According to the complaint, by March 14, 2022, Musk had acquired more than a 5% ownership stake. The complaint further alleges that under Section 13(d) of the Securities Exchange Act of 1934 and Rule 13d-1 thereunder, Musk was required to file a Schedule 13(d) within ten days of crossing the 5% threshold, meaning (the complaint alleges) that Musk should have filed a Schedule 13 with the SEC on March 24, 2022. However, Musk did not file his Schedule 13 with the SEC until April 4, 2022.

 

The complaint alleges that “Investors who sold shares of Twitter stock between March 24, 2022, when Musk was required to have disclosed his Twitter ownership, and before the actual April 4, 2022, disclosure, missed the resulting share price increase as the market reacted to Musk’s purchases and were damaged thereby.”

 

The complaint also alleges that “By failing to disclose his ownership stake … Musk was able to acquire shares of Twitter less expensively during the class period.” The complaint alleges (in paragraph 38) that Musk “saved approximately $143 million on his Twitter purchases by delaying the filing of the required Schedule 13 G/D and purchasing additional shares at deflated prices.”

 

The complaint alleges that Musk violated Section 10(b) of the Securities Exchange Act of 1934 and Rule 10b-5 thereunder. The complaint seeks to recover damages on behalf of the class.

 

All of the details about the timing of Musk’s SEC filings are reported in an April 5, 2022 Wall Street Journal article (here), which also suggests that Musk’s supposed delayed filing of the Schedule 13 could get Musk in hot water with the SEC.

 

Discussion

The complaint is short – it weighs in at just ten pages. It is interesting and unusual in that it purports to represent not a class of purchasers who bought the shares of the company involved, but rather on behalf of persons who sold the shares of the company involved. Their allegation is basically that they would have realized a larger amount from their sales if Musk had filed his form with the plaintiffs say he should have.

 

The complaint is also interesting because instead of a long list of defendants, as is often the case with securities class action complaints, it names only one defendant, Musk himself. Twitter itself is not named as a defendant.

 

For students of D&O claims, the capacity in which Musk is named as a defendant is also interesting. Musk is not named in his capacity as a director or officer of any of his other companies. He is not named in any corporate capacity at Twitter, either. Musk is named solely in his capacity as an individual — that is, as an investor in and shareholder of Twitter.
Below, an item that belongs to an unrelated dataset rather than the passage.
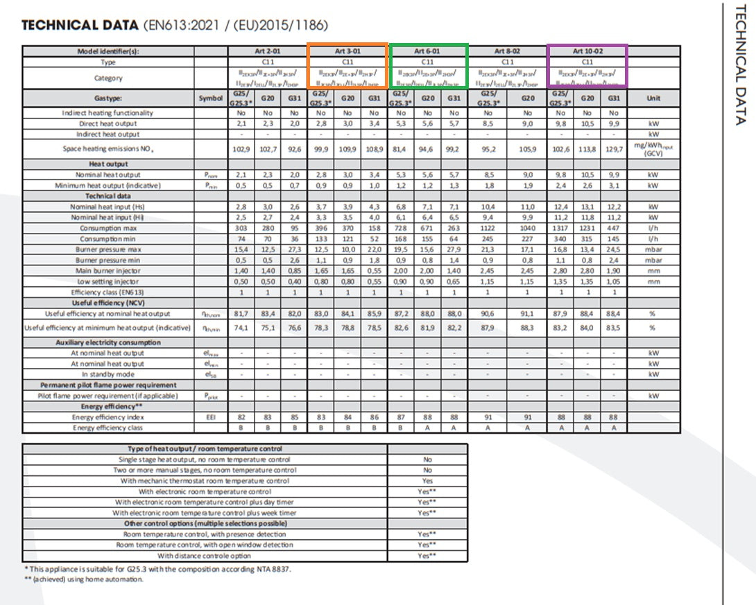 There are nine models with heat outputs from 2.4 to 11.1 kw. They are compatible with natural gas or LPG, require no electrical supply and can be installed on their own or centrally time controlled.

All else equal and assuming customary insurance arrangements, there likely would not be insurance coverage available for Musk under Twitter’s insurance, nor under any insurance that any of his other companies might maintain. As the world’s richest man, the availability of D&O insurance may not be Musk’s first concern, but the circumstances alleged in the claim do present an interesting example of the significance of capacity for purposes of establishing D&O insurance coverage.

 

Anyway, this is an interesting situation. I suspect that before all is said and done, a lot more interesting things are going to happen. Watch this space for future blog posts.